### HOW TO COMPLETE THIS TASK
Among the entries below, only the lines from the one with "Silicone protection cap" through the one with "24 th All India Forest Sports Meet" are wanted, reproduced exactly. Pictures are not wanted.

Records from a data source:
____

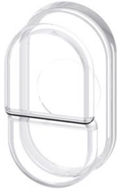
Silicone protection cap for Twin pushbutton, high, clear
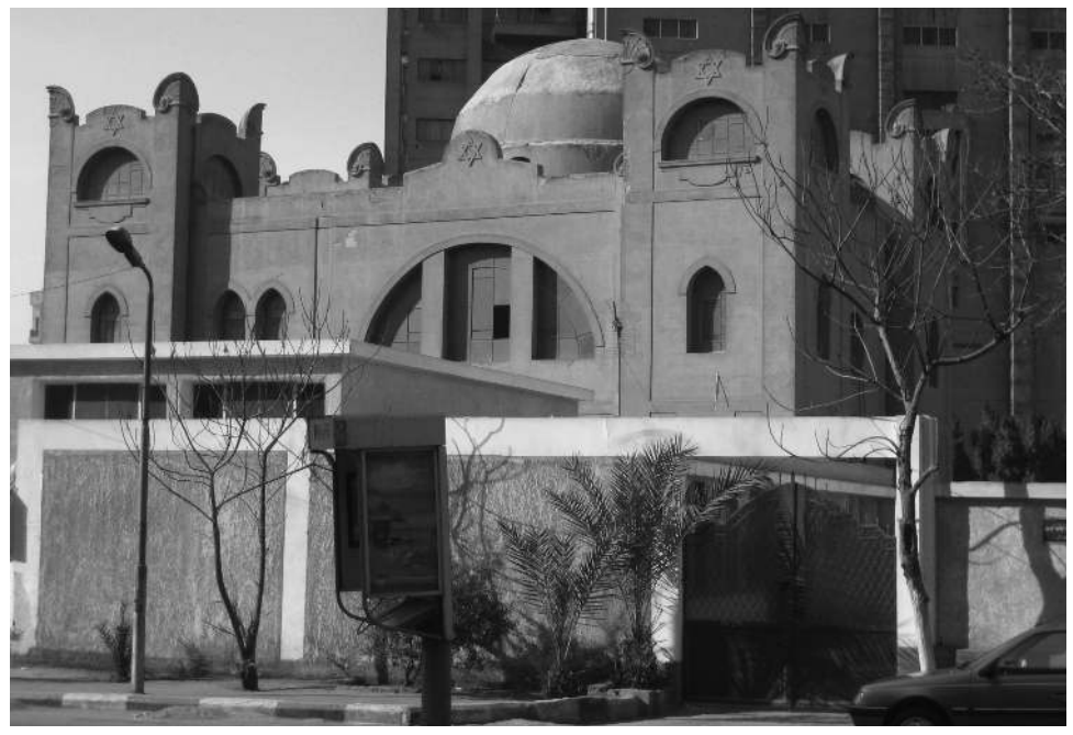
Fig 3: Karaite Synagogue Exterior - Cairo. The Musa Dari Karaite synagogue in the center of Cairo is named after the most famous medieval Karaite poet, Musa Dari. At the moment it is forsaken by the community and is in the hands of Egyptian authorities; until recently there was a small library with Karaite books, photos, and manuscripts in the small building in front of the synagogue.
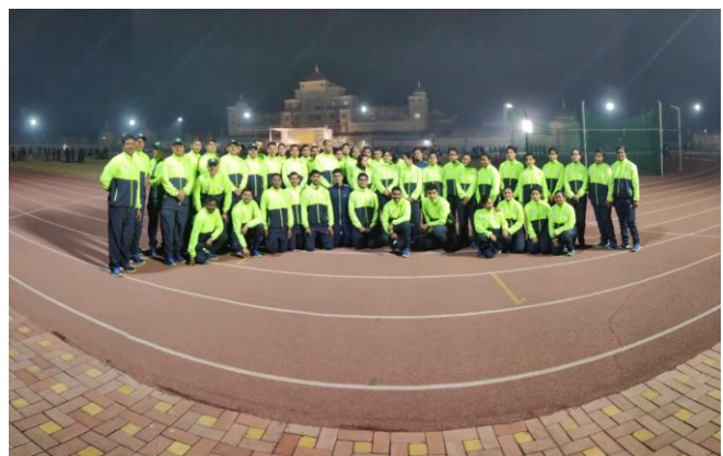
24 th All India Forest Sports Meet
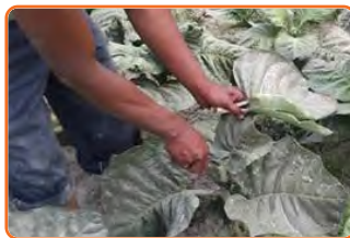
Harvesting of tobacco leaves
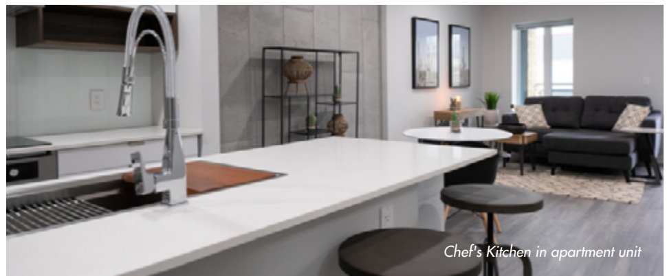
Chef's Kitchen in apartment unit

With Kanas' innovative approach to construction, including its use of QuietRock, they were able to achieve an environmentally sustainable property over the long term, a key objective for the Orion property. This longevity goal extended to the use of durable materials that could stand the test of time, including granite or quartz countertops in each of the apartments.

____

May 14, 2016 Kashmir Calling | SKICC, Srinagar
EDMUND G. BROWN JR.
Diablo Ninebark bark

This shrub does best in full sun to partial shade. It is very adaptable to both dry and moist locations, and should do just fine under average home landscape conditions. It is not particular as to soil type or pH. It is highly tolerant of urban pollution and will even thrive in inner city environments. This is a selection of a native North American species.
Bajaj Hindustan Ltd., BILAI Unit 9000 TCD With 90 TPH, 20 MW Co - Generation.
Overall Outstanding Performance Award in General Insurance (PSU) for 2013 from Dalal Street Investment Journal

____

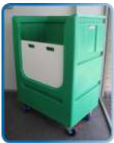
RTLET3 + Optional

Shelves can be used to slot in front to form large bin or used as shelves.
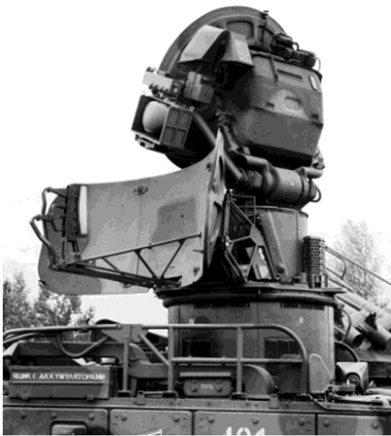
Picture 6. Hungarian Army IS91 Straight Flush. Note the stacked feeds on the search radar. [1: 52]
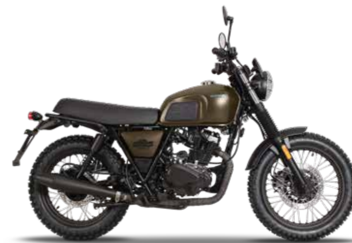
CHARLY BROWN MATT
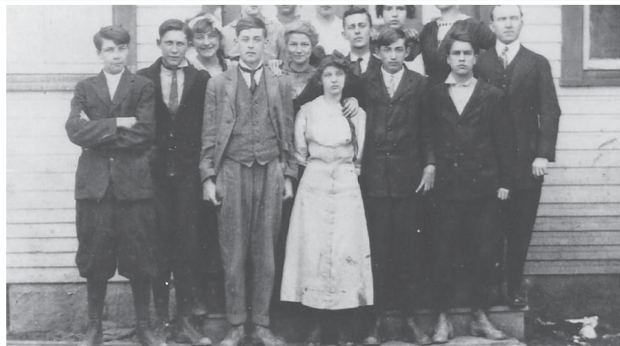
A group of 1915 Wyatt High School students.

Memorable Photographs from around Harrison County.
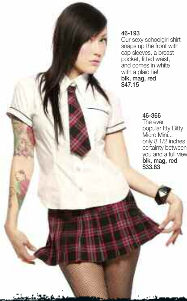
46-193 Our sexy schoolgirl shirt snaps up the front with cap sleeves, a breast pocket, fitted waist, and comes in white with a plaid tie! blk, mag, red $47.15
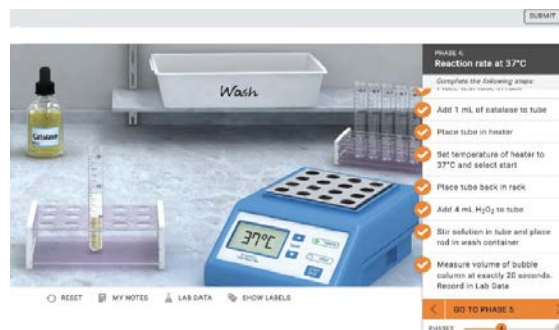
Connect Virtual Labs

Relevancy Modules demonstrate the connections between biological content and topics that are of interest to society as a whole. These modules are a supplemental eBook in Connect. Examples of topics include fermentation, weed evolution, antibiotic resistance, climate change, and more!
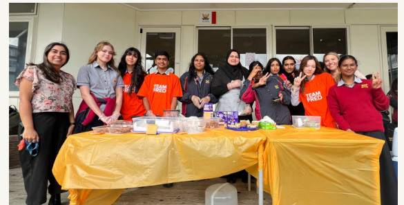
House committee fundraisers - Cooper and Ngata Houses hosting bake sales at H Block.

____

### OUTPUT FOR THIS EXERCISE
Silicone protection cap for Twin pushbutton, high, clear
Fig 3: Karaite Synagogue Exterior - Cairo. The Musa Dari Karaite synagogue in the center of Cairo is named after the most famous medieval Karaite poet, Musa Dari. At the moment it is forsaken by the community and is in the hands of Egyptian authorities; until recently there was a small library with Karaite books, photos, and manuscripts in the small building in front of the synagogue.
24 th All India Forest Sports Meet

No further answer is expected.